[Opening Data records section]

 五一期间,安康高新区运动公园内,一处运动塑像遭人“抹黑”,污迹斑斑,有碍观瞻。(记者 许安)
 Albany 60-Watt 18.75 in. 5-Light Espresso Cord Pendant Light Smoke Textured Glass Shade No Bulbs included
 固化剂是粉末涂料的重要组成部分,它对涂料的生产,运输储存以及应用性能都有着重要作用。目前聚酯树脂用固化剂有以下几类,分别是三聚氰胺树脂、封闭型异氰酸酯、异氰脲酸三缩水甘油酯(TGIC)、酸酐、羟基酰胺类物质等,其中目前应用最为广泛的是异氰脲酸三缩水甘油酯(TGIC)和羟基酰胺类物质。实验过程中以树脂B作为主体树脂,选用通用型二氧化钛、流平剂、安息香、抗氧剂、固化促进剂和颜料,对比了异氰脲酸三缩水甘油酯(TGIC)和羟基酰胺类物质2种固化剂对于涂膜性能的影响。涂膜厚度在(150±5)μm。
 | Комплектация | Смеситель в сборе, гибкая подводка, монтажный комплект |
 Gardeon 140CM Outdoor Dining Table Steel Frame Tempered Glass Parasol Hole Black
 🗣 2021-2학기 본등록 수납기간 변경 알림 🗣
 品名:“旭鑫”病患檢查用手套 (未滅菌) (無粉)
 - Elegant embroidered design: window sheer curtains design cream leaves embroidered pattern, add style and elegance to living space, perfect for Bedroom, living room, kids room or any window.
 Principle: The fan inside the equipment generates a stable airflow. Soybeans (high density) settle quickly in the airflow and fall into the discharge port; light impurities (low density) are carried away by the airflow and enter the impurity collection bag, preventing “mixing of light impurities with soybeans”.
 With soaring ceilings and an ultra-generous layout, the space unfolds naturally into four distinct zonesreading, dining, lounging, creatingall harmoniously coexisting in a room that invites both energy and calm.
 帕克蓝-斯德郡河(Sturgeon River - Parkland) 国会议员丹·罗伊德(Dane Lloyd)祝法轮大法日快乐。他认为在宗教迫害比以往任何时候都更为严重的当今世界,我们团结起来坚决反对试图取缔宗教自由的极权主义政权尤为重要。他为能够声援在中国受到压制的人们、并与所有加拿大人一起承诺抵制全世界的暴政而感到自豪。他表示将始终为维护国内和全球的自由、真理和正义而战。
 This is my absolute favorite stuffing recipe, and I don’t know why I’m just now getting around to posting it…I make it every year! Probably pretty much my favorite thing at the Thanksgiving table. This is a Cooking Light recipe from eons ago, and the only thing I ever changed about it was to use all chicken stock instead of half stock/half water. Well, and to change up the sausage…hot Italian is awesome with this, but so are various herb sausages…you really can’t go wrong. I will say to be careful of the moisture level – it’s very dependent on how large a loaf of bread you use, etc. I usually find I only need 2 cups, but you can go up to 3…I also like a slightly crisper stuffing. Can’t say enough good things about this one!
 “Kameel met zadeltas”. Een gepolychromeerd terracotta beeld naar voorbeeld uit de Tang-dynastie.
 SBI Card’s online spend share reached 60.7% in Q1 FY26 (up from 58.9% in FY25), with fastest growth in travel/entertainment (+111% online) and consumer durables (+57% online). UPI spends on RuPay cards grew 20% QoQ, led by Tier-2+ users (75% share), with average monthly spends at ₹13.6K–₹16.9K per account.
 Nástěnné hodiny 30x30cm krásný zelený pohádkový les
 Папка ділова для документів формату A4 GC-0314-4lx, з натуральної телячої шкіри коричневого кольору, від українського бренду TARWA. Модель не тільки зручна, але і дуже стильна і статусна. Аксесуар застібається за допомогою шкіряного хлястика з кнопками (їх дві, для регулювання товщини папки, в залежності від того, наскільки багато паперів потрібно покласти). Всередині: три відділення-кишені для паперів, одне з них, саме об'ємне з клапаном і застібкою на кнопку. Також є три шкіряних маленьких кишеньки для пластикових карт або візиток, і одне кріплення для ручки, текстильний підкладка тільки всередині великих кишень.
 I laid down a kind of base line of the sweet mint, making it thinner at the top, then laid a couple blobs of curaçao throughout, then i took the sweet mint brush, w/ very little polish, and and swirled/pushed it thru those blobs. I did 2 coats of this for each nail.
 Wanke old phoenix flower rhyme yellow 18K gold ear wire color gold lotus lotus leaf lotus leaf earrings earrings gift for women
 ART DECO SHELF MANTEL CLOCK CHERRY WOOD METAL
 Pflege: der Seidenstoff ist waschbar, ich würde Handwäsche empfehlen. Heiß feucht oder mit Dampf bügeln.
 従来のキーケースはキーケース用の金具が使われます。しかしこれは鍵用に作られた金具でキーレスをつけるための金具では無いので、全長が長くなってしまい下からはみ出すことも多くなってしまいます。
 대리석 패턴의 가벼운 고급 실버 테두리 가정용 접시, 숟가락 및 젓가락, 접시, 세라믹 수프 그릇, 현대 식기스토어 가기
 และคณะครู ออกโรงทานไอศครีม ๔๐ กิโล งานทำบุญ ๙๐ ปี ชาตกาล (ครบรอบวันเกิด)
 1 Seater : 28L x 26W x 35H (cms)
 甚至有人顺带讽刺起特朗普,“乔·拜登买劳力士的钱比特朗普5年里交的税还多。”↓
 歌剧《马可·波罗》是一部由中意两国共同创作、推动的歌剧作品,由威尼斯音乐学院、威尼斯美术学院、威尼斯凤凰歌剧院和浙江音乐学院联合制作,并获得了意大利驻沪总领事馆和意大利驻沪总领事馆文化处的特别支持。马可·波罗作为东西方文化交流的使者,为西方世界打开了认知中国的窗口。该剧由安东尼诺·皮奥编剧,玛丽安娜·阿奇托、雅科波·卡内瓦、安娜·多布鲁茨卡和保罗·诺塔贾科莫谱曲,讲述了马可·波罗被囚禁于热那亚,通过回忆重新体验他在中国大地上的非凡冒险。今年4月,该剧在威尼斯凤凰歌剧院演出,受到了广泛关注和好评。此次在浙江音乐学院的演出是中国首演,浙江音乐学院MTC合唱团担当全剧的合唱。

[Closing Data records section]

_Required work_
Go through the records and report each line that contains "Glass".

_Written response_
 Albany 60-Watt 18.75 in. 5-Light Espresso Cord Pendant Light Smoke Textured Glass Shade No Bulbs included
 Gardeon 140CM Outdoor Dining Table Steel Frame Tempered Glass Parasol Hole Black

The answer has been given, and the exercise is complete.